Before exfoliation, bulk MAMS-1 with obvious lamellar structure can be observed from SEM and TEM images in Fig. 1(A). The bulk MAMS-1 presents a rectangular morphology with the length 50 μm and width 1.5 μm. After stripping, nanosheets were obtained and a colloidal suspension with good dispersion stability can be prepared. Due to light scattering, Tyndall effect can be observable (the insert of Fig. 1(B)). From the SEM and TEM images in Fig. 1(B), bulk MAMS-1 chunks have disappeared and curly nanosheets presented. Ultrasonic cavitation remarkably reduced the thicknesses along the c-axis of MAMS-1-NS during the exfoliations. Inevitably, the MOF size along the plane direction was also diminished under ultrasonication. XRD patterns of MAMS-1-NS presented in Fig. 1(C) showed no obvious peak position changes compared with the original MAMS-1. The main diffraction peaks are observed at 8.28°, 10.56°, 14.07°, 18.18°, and 28.17°. However, the peak intensity of (0 1 1) located at 8.28° become weaker in MAMS-1-NS, indicating that MAMS-1 stacks along the (0 1 1) direction and MAMS-1-NS was successfully exfoliated from bulk MAMS-1 via ultrasonication . Additionally, the relative peak intensities of I(0 1 3)/I(0 1 1) and I(0 1 5)/I(0 1 1) for MAMS-1-NS (0.26, 0.30) are noticeable greater than those of MAMS-1 (0.17, 0.14). It is concluded that more lattice plane were exposed, such as (0 1 3) and (0 1 5) shown in Fig. 1(C), which may offer abundant active sites and be beneficial to ions transmission [45].

Fig. 1

(A) SEM image of layered MAMS-1 (the insert is the TEM image of enlarged MAMS-1); (B) SEM and TEM images of lamellate MAMS-1-NS (the insert is the digital photograph of MAMS-1-NS dispersion in ethanol); (C) XRD patterns of MAMS-1 before and after exfoliation.

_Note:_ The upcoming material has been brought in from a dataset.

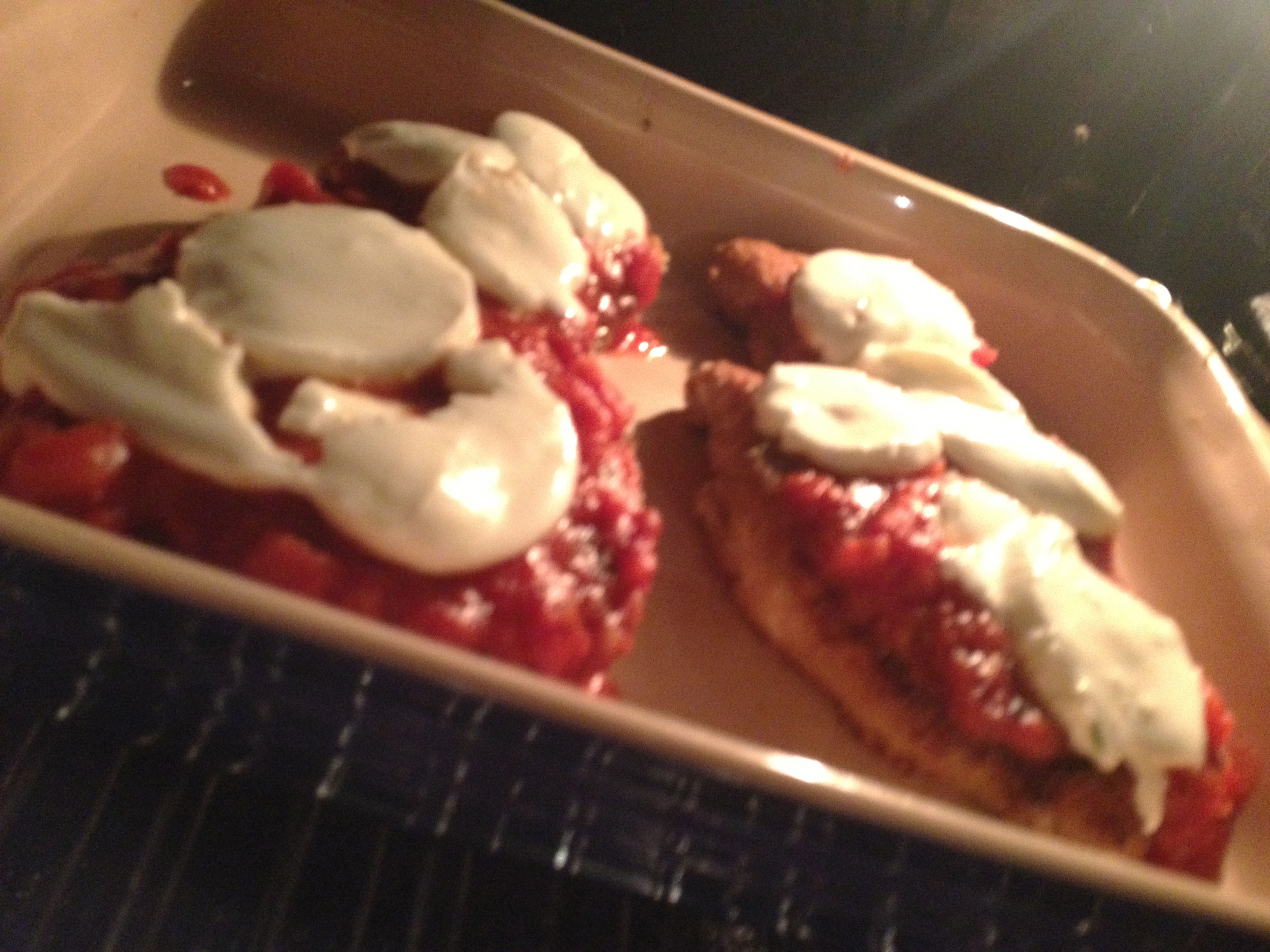 Remove and place onto a baking dish. Spreas about 1/3 cup of tomato sauce onto each breast and then cover with mozzarella slices. Bake in the oven for 10 minutes, until the cheese is melted and bubbly.

The morphologies and surface topographies of finely dispersed MAMS-1-NS were further characterized by AFM. MAMS-1-NS was deposited onto a silica substrate for AFM observation. AFM images revealed flaky MAMS-1-NS with several lamellas were fully exfoliated (Fig. 2). MAMS-1-NS obtained exhibit relatively large lateral dimensions, some of which are up to 5 × 1 μm2. Their thicknesses are typically around 4 nm corresponding to the thickness of tow elementary host layers. The nanometre-sized thickness accompanying with broad lateral dimension distinctly certified the successful exfoliation. Bulk MAMS-1 crystals composed of 2D layers via weak van der Waals stacking, are deliberately broken under sonication in DES here. Accordingly, bulk MAMS-1 could be efficiently exfoliated into ultrathin nanosheets with about two-layer overlapped stacks in a facile and green manner. The successful exfoliation may be attributed to the ultrasonication, befitting surface tension of solvents, hydrogen bonding and hydrophobic interactions between DES and surface ligands of MAMS-1, and the stabilization of surfactants [46].

Fig. 2

(A) An AFM overview of MAMS-1-NS with different host layers, (B) and (C) the enlarged images of MAMS-1-NS with two layers.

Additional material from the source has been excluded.